CHRISTMAS WITHOUT HERODS
Cast:
5f
Set in prison in South America. Four women are held without trial, the 5th guards them.

EAST LYNNE
Cast:
3f, 2m
An adaptation of the Victorian novel seen this time from the point of view of the main character, Lady Isabel Vane, who was punished beyond mercy by her original author, Mrs Henry Wood, for the crime of passion.

FACE VALUES
Cast:
4f
Set in Kent in the summer of 1983, this play focuses on the women involved in the mining dispute.GETTING TO THE FOOT OF THE MOUNTAIN
Cast: 4f, 3m
When Danielle was a child, three women loomed large in her life: her gritty, responsible mother, her wild-child aunt and their best friend. Now a young woman herself and facing the break-up of another relationship, Danielle takes stock of her childhood years – of an absent dad, of her fascination with a neighbourhood “bad boy” – and uncovers a story of everyday heroism and the strange tricks that memory can play

GLAD
Cast: 5f, 1m Length: 2 hrs
A play about women and madness focusing on the life a Mancunian woman born at the turn of the 20th C, her relationships with her inmate friends and with her son.

JAMAICA INN
Cast: 3f, 5m Length: Full length
Previous performances: Salisbury Playhouse 2004
Evocative, atmospheric and chilling, this adaptation of Daphne du Maurier's classic has murder, mystery and malevolence. In Jamaica Inn, at the heart of the bleak Bodmin Moor, young Mary Yellan soon discovers mysterious goings-on in teh dead of night. But worse is yet to come as Mary finds herself helplessly ensnared in the deadly activities taking place around her.

MOTHER’S DAY
Cast: 2f Sets: 1 Length: 1 hr
What happens when a daughter arrives home on mother’s day, pregnant.

ONCE WE WERE MOTHERS
Cast: 7f, 1m Length: Full length
Previous performances: September 2004, New Vic Theatre, Newcastle-Under-Lyme
A moving and powerful play about the joy and the heartbreak that motherhood brings to three very different mothers. Ali was always going to be a dancer. She was still dancing the day she gave birth.
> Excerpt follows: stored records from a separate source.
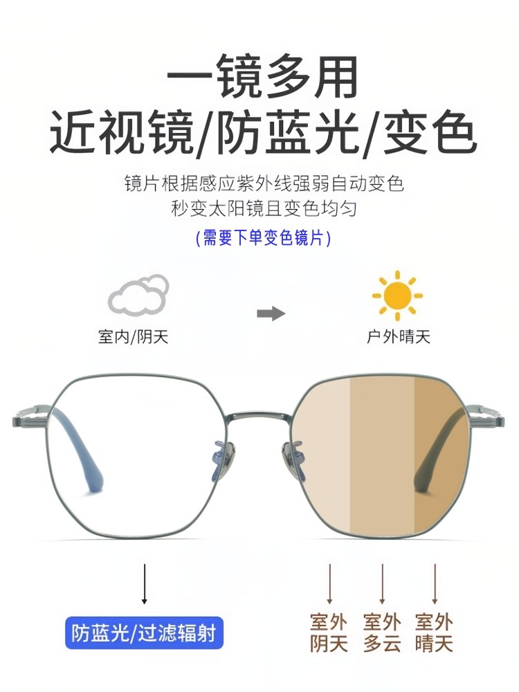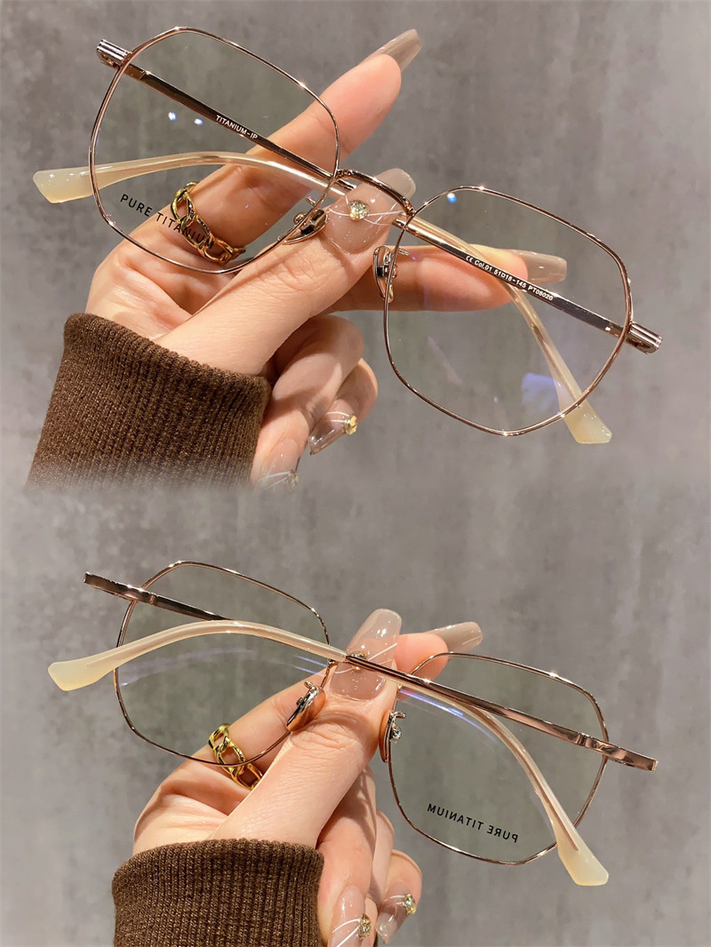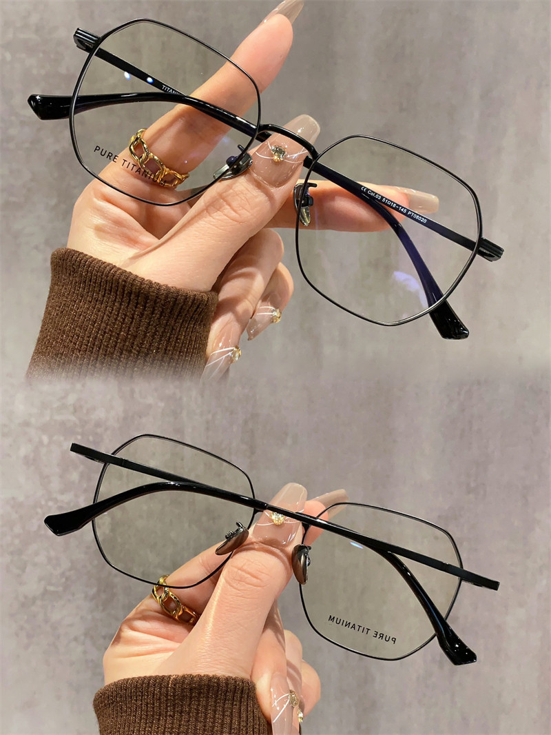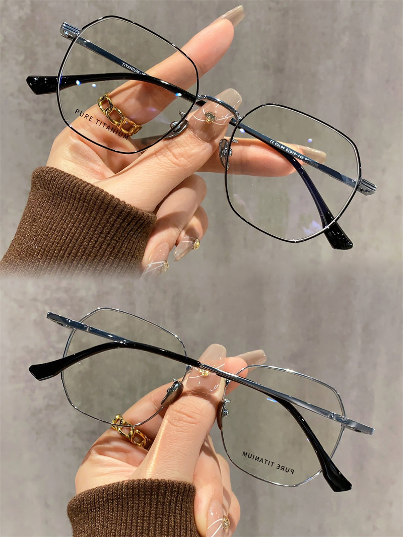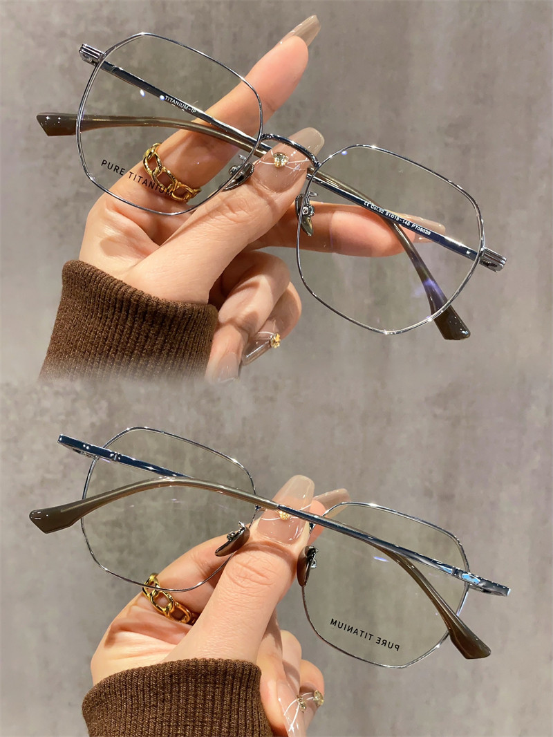 8克高级感超轻纯钛眼镜近视女可配有度数素颜多边形眼睛镜框架男
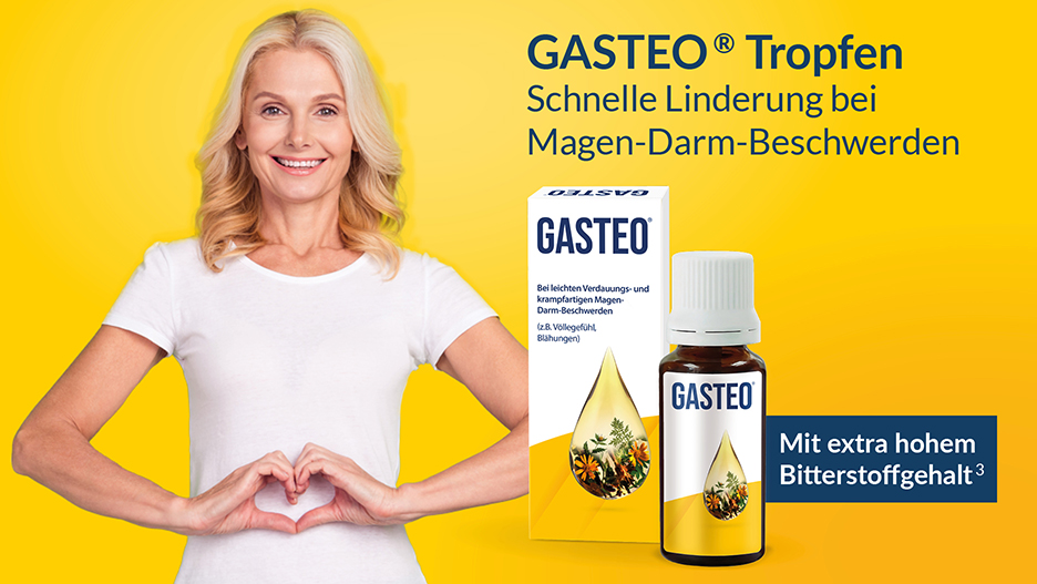 Blähungen, Völlegefühl und Magenkrämpfe – die Nachfrage nach Verdauungsmitteln ist seit Jahren steigend. Besonders viel Wert legen Kunden auf pflanzliche Präparate, die den Magen schnell beruhigen.1 Eine gute Empfehlung sind GASTEO® Tropfen: Mit ihrer besonderen Komposition aus Bitterstoffen und magenberuhigenden Heilpflanzen nutzen sie die synergistische Wirkung von sechs Wirkstoffen. Ihr besonderer Vorteil liegt in der raschen und zuverlässigen Linderung vielfältiger Magen-Darm-Beschwerden. Warum sich die Wirkung bereits im Mund entfaltet? Ein Blick auf den pflanzlichen Verdauungshelfer lohnt sich doppelt: Jetzt Wissen stärken und die Chance auf einen tollen Gewinn sichern – mit dem GASTEO®-Wissens-Check.
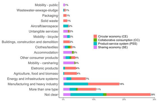 Studies could also be classified with regard to barriers being experienced within different sectors, industries, or product categories. This was of particular interest in order to understand whether similar patterns of obstacles could be traced across different industrial activities. This category was organic as the reading progressed, due to the diverse nature of the studies. The results in Figure 10 show that within the four paradigms, barriers are experienced across different sectors and industries as identified by research. In 18% of the abstracts, barriers situated in or related to manufacturing and heavy industry were found. Energy and infrastructure systems barriers were found in 7%, and this was followed by transport and mobility, among others, as shown in Figure 10 below. Even when coding for a specific industry such as mobility, for example, studies differed between types of mobility, e.g., car sharing, bicycle sharing, public transport, and more. However, 29% of the abstracts were categorised as unclear, whereby the abstracts either did not mention the type of sector, industry, or product, or such specification was not possible due to the nature of the study. Most abstracts were not explicit in this regard, and interpretations were made based on all the available information. Despite this, the percentage coded as unclear remains high, which may imply that studies, although highly case based (as shown above), lack specification of the study approach, making it challenging to explore barriers in industry-specific aspects or a product-specific context. Another 11% of the abstracts were also categorised as ‘more than one type’ meaning they were cross-industry studies, combined sectors, or multiple products.
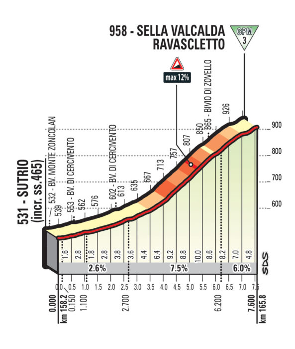 Km 165,8 – 3e cat. : Sella Valcalda-Ravascletto (7,6 km à 5,6%)
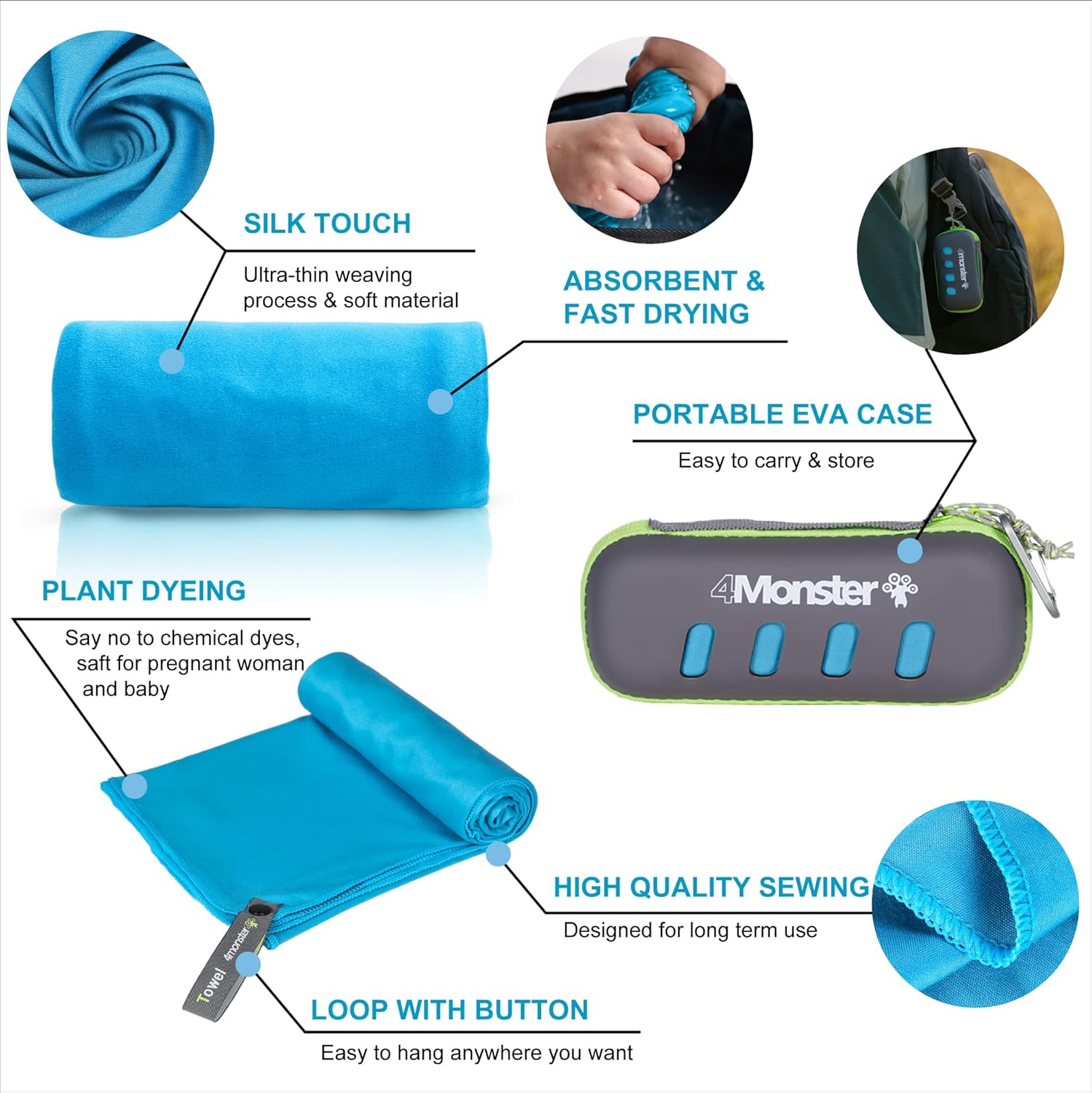 4Monster Camping Towel Super Absorbent-Quick Dry Microfiber Towel Ultra Compact & Soft-Travel Towel Lightweight for Backpacking,Hiking,Gym,Beach,Swimming,Yoga
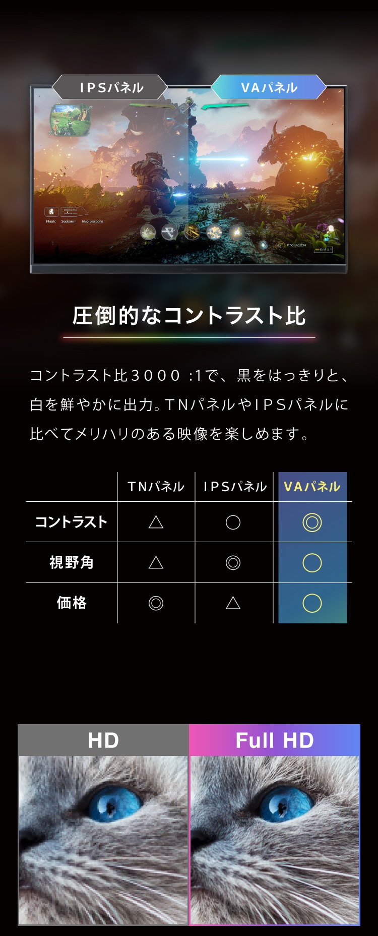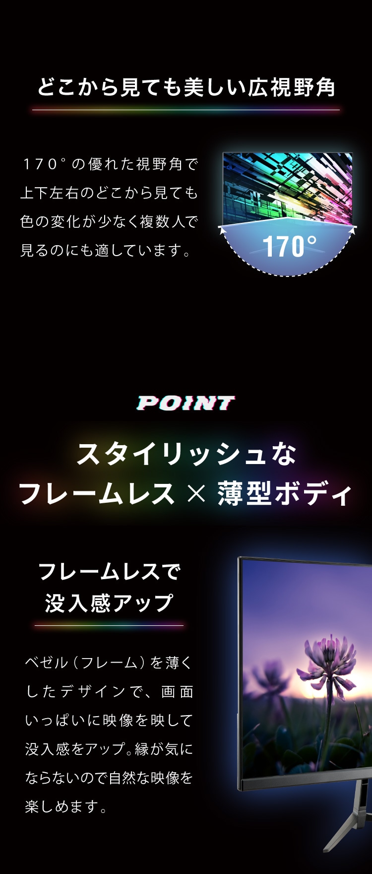 → 色の表現力と視野角に優れ、目にもやさしいバランスの取れた画質。
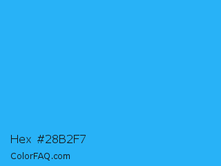 Hex #28b2f7 Color is a normal blue color and the nearest color is Button Blue #24a0ed. Hex code #28b2f7 and RGB value is rgb(40,178,247). In RGB color space, this color is composed of 16% red, 70% green, 97% blue, In CMYK color space, this color is composed of 84% cyan, 28% magenta, 0% yellow , 3% black , In HSL color space, this color has a hue angle of 200° , 93% saturation and 56% lightness.

Careful Kitty, housewife and mother, sits in her silent home and waits for the daughter who doesn't return. And Milena, desperate to protect her children and carrying a terrible secret.

THE SHADOW OF LIGHT
Cast: 3f, 2m
Based upon the life of Madeleine Smith – a middle class Glaswegian woman who scandalised and intrigued all levels of Victorian society when she was tried for the murder of her lover, and then acquitted on a verdict of Not Proven. The play explores the lives behind the façade of respectability and questions the abuse of power, where evil starts and who ultimately is responsible.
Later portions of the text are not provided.